In the US, by contrast, the executive's lack of complete control over the other branches of government makes the system strong and worthy of emulation in other parts of the world. But it also paradoxically renders the American system weaker than that of China. Unlike his Chinese counterpart, Mr Trump cannot simply pronounce from on high and be absolutely certain his orders will stand firm against a challenge in the courts or a congressional slapdown. Mr Trump's repeatedly stymied attempts to institute a somewhat idiosyncratic ban on the entry of certain foreign nationals to the United States is a case in point. So too Monday's ruling by a federal judge in Washington, blocking Mr Trump's attempt to prohibit a specific section of Americans from serving in the military.

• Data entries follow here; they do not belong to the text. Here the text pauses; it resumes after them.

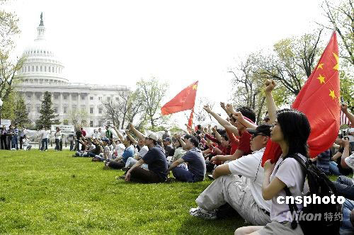 當(dāng)?shù)貢r(shí)間4月19日,近千名中國留學(xué)生和當(dāng)?shù)氐娜A僑華人在美國國會山前舉行示威活動(dòng),支持北京奧運(yùn),反對CNN丑化中國的評論。圖為千名留學(xué)生在國會山前振臂高呼:“不要歪曲報(bào)道!不要支持暴力!支持和平,支持奧運(yùn)!” 中新社發(fā) 邱江波 攝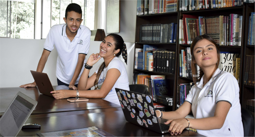 Las tutorías en la Estrategia Híbrida Educativa son espacios donde los estudiantes se reúnen con los profesores y demás compañeros para aclarar dudas o debatir sobre nuevos conocimientos. Las tutorías pueden ser presenciales cuando los estudiantes acuden al colegio, o virtuales cuando se encuentran fuera de la ciudad o el país por temporadas largas. En cuanto a esto último, los estudiantes y profesores utilizan herramientas como Google Meet, que les permite verse y compartir información relevante, o el chat que ofrecen los servicios de Google Workspace, a los que el colegio está afiliado y están disponibles a través del correo institucional.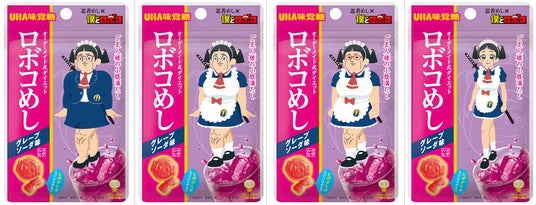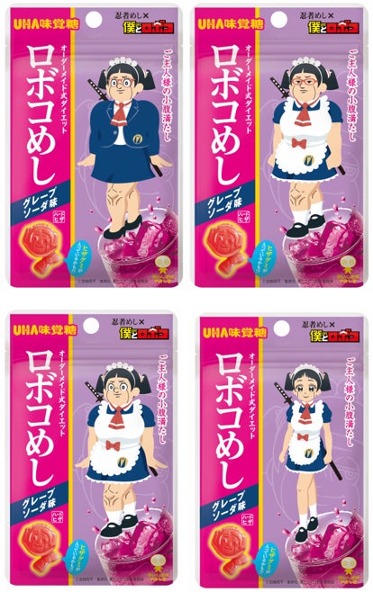 UHA味覚糖「忍者めし」と人気アニメ「僕とロボコ」のコラボ商品です。可愛らしいロボコの顔の形をした忍者めしで、作中で登場するロボコたちの愛用ドリンクをイメージしたグレープソーダ味に仕上げました。ロボコのチャームポイントである、メイドらしからぬムキムキな膝が、レアグミで入っているかも!?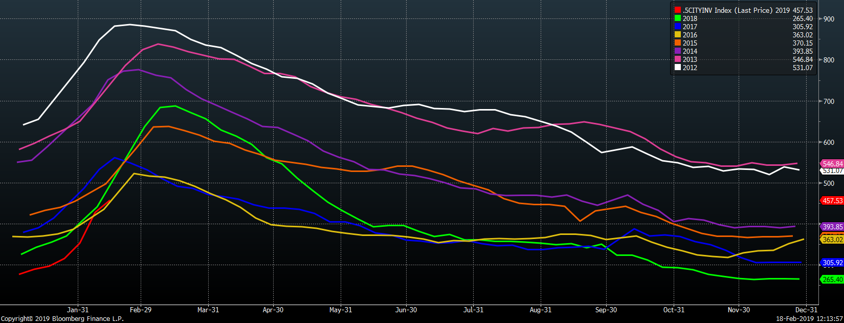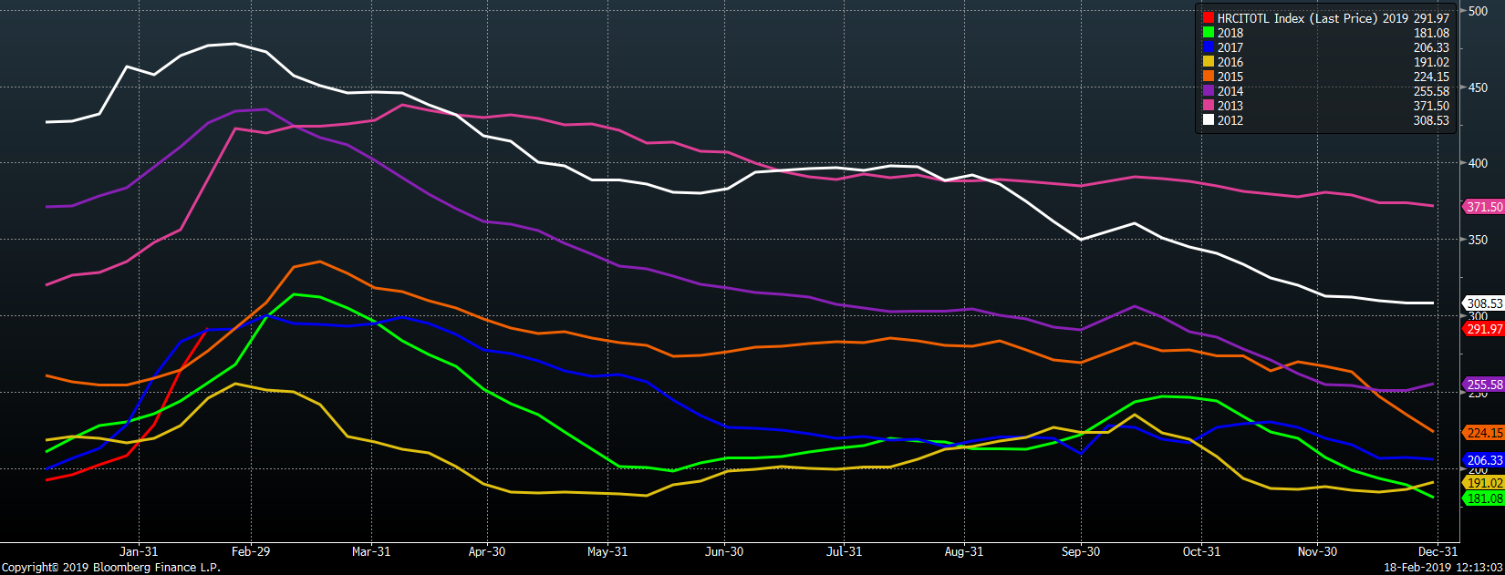 Chinese finished steel inventory levels (red) exceeded those seen this week in 2015, 2016 and 2018. 2019 HRC inventory is in line with this same week in 2018, while rebar inventory still trails the level it was at this week in 2018.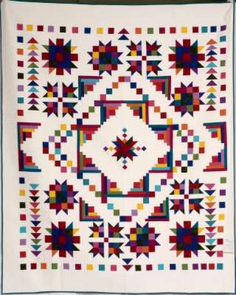 Catalogue Number: 139Sale Year: 2011Item Type: Bed QuiltColours: whitemultiDonor(s): Wendy Chandler, WaterlooQuilter(s): Judy Woodworth, Machine QuilterMachine Quilted: yesDimensions: 90 x 94Description: Pieced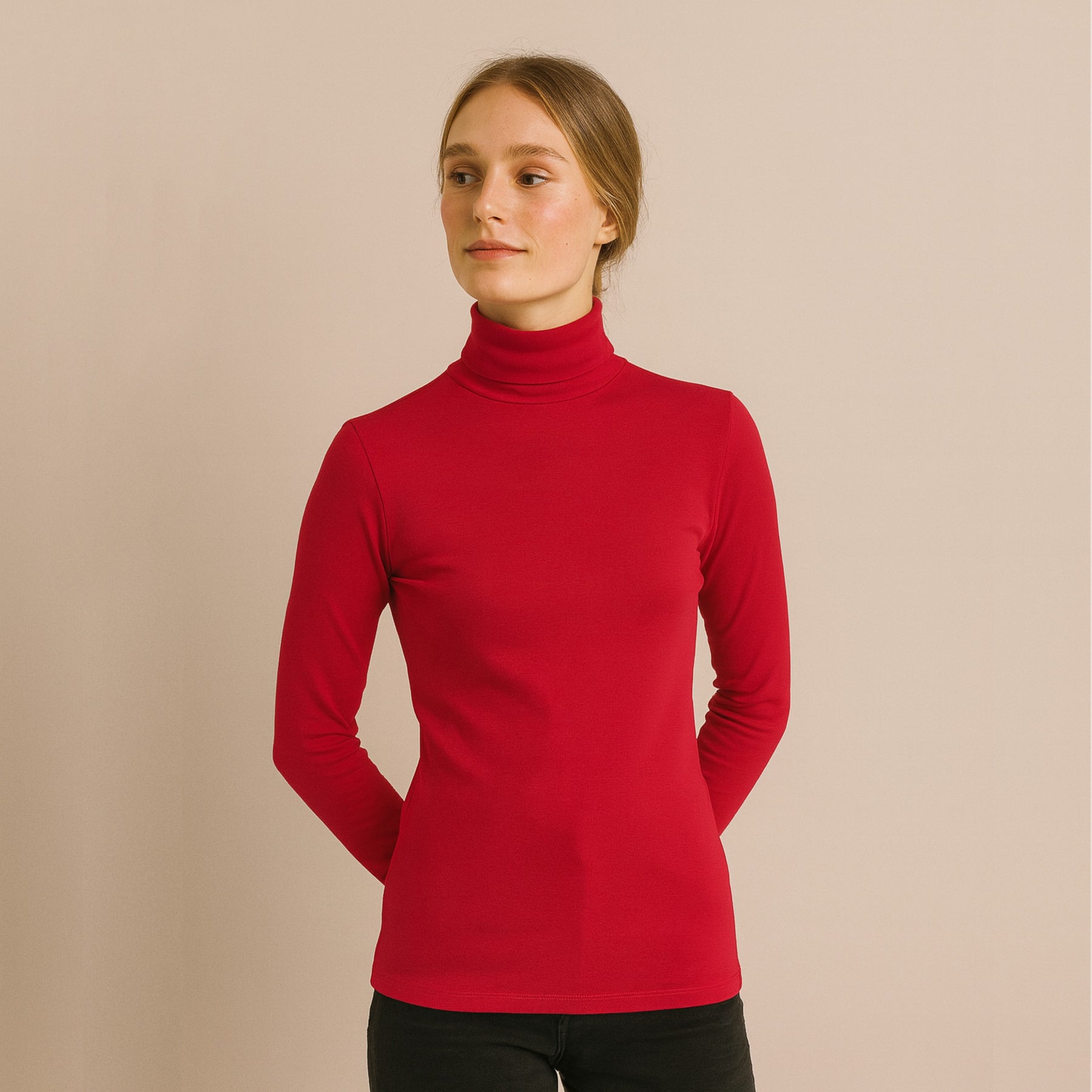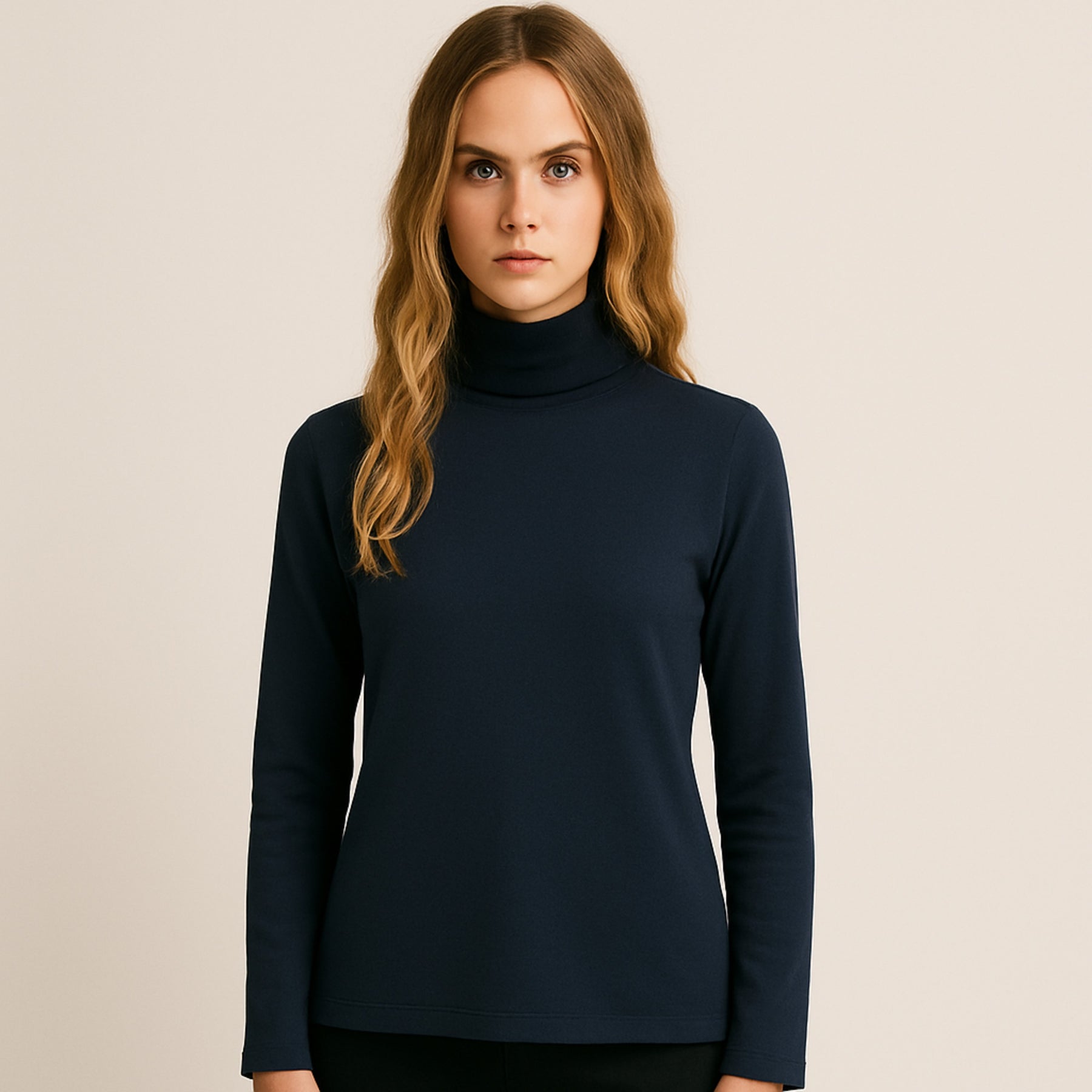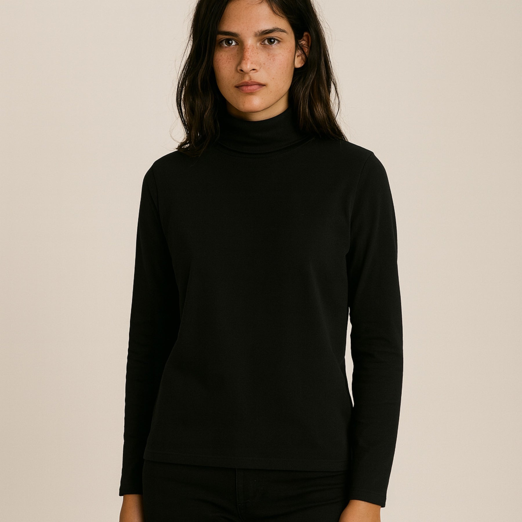 Elegante y versátil camiseta de cuello alto confeccionada en España con algodón 100% de alta calidad. Suave al tacto y perfecta para mantener la comodidad sin sacrificar el estilo. Ideal para cualquier ocasión, ya sea casual o sofisticada.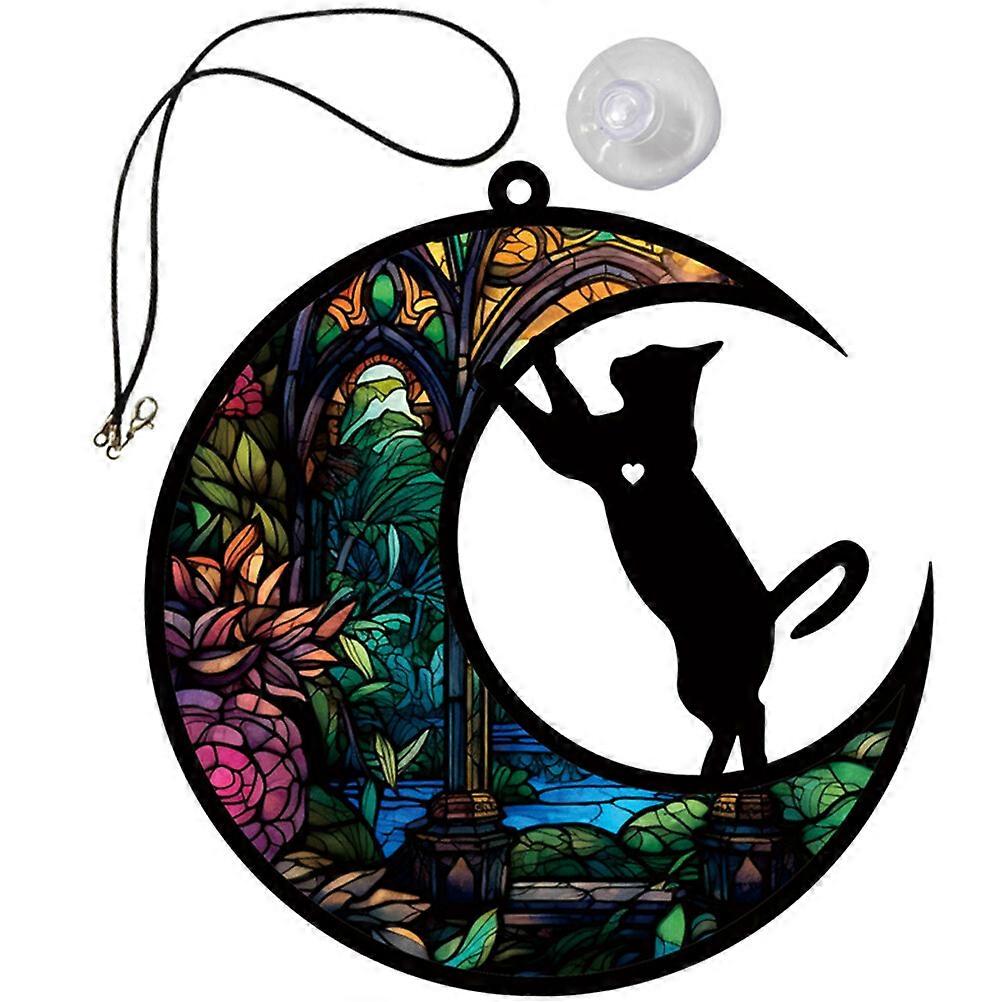 Hanging Acrylic Cat Moon Ornament Household Cat Pendant Holiday Window Porch Decoration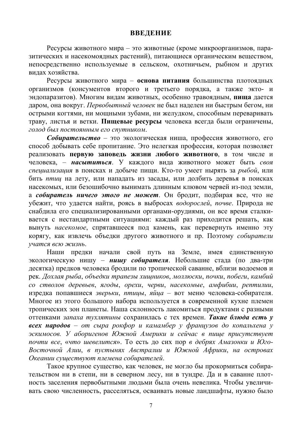 Настоящее учебное пособие включает в себя оценку ресурсов животных в соответствии с емкостью среды их обитания, экологические особенности динамики численности животных, характер влияния различных факторов среды на выживаемость животных. Приводятся методология мониторинга ресурсов, оценки качества среды обитания животных и методические аспекты составления и ведения региональных и видовых кадастров. Показывает принципы и критерии выявления и сохранения редких и исчезающих видов животных, анализ и оценку влияния на них факторов среды, методы их выявления. Приведены материалы по разнообразной продукции, получаемой от животных.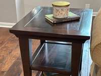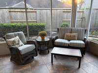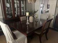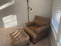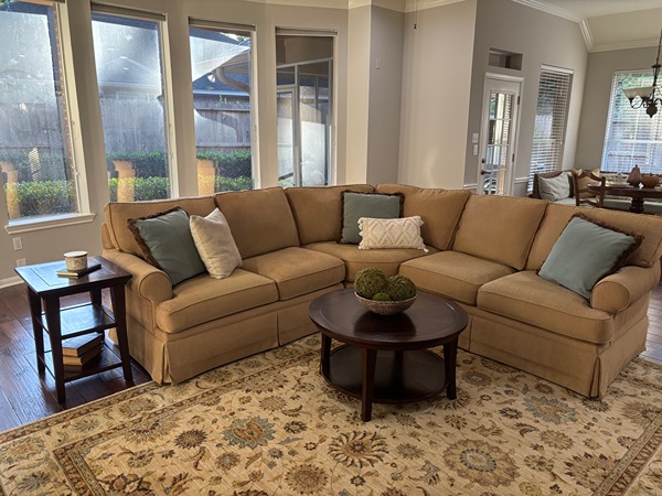 Bassett L-Shaped Couch Down-cushions includes throw pillows. Cushions and fabric in very good condition. Sellers are moving and cannot take with... $600 or best offer. Can negotiate rug, coffee and end tables. They are listed as well.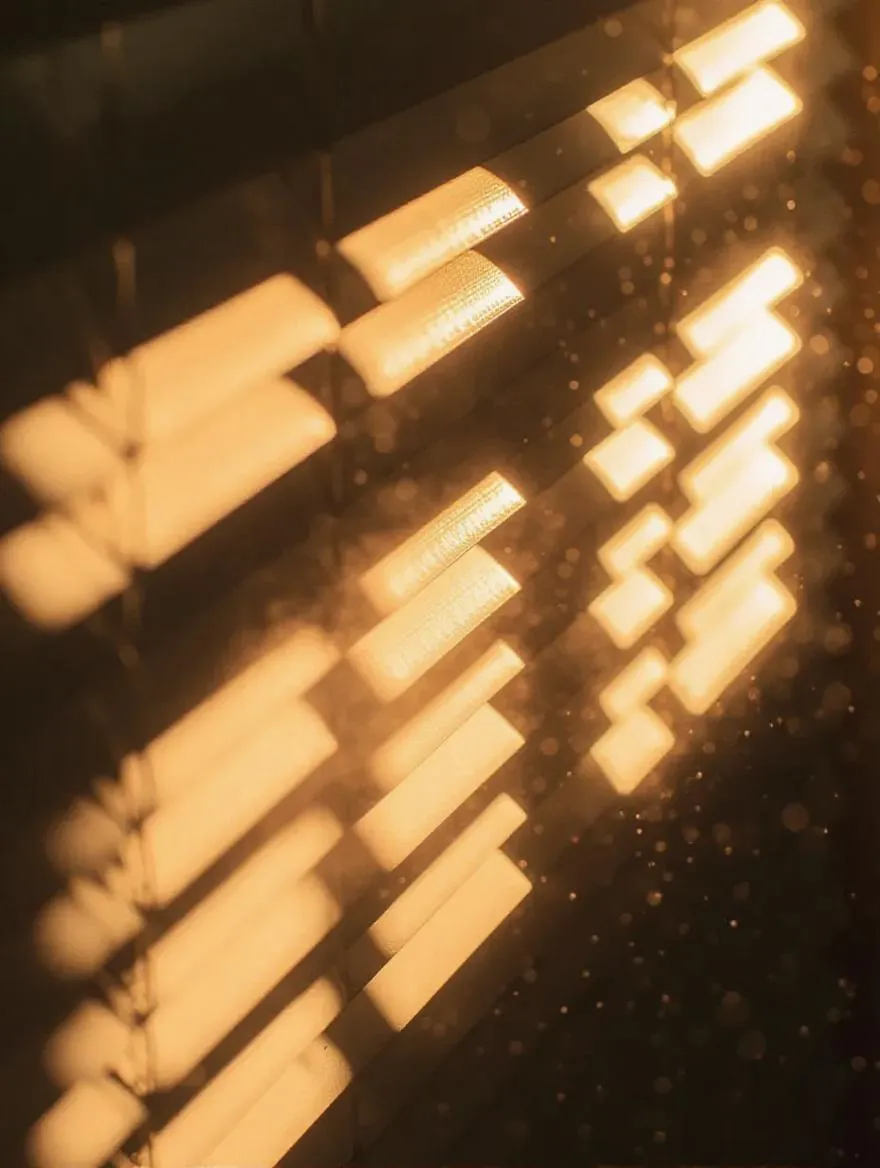Capture cinematic tranquility with AI-generated moody imagery. Sunlight streams through textured blinds, casting dramatic shadows and golden rays illuminating floating dust particles. Ethereal close-up details evoke introspective melancholy, blending warm light-dark contrasts for a dreamy, atmospheric scene.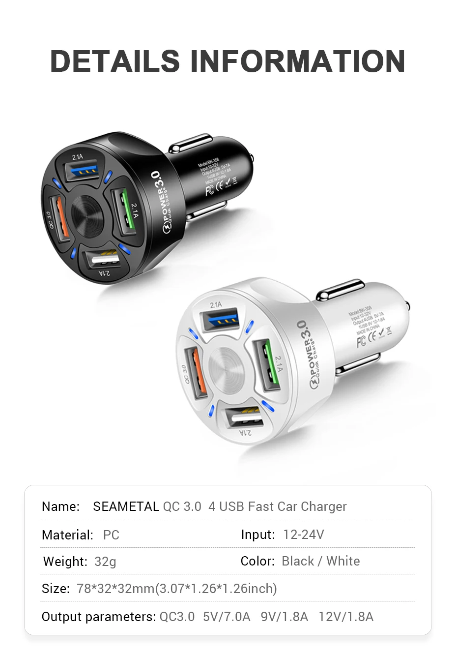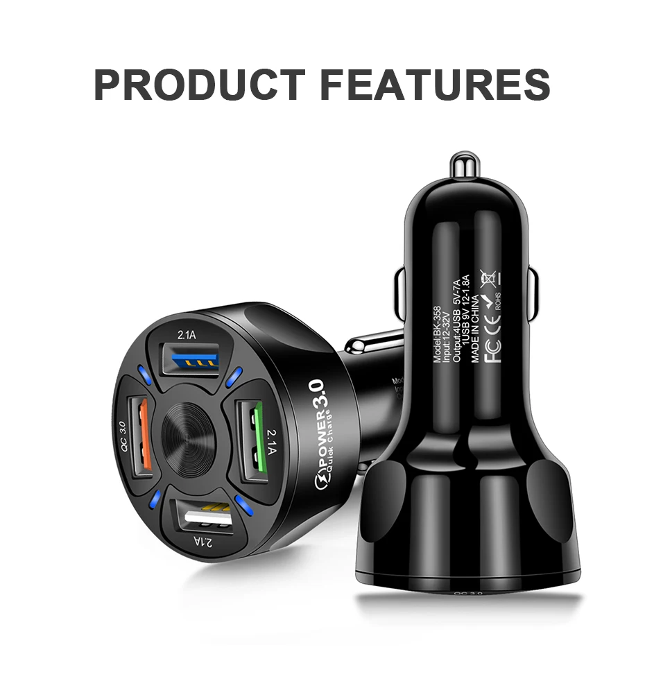 3A QC3.0 4USB Автомобильное зарядное устройство для быстрой зарядки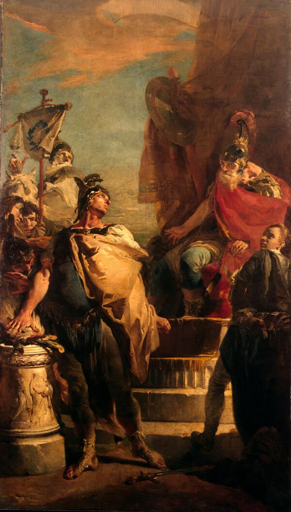В 1725—1729 годах итальянский живописец Дж. Б. Тьеполо работал по заказам Дионисио Дольфино, патриарха Аквилеи. Для отдельного зала Палаццо Дольфин-Манин в Венеции он выполнил десять картин-панно одинакового формата на темы из героической истории Древнего Рима. Позднее они были рассеяны наследниками. Пять картин и среди них: «Муций Сцевола в лагере Порсены» на аукционной распродаже в Париже в 1876 году приобрёл А. А. Половцов для Училища технического рисования барона Штиглица в Санкт-Петербурге. С 1923 года картина находится в Эрмитаже[5].

Clearly, Mr Xi’s position carries more absolute power than that of Mr Trump but it is not a given that this strength will translate into the unchallenged worldwide status enjoyed by the US for decades.

That said, there are fears that healthy and natural jostling between the US and China may create conditions for the so-called Thucydides trap. This is the situation first identified by the ancient Greek historian Thucydides who explained that tensions between a rising power and a ruling power – Athens versus Sparta – inevitably result in war.

In his new book Destined for War: Can America and China Escape Thucydides's Trap? Harvard professor Graham Allison lays out the likely triggers for conflict. An impasse over North Korea, along with further testing of inter-continental ballistic missiles by its leader Kim Jong-un could be a flashpoint.

But perhaps the best chance of avoiding war is the negative political theology that defines our times. With both the rising power and the ruling power hamstrung by the particularities of their own systems, there is a stalemate of sorts. Their competition is bound by what John F Kennedy called "precarious rules of the status quo."

That is as good as it gets, all things considered.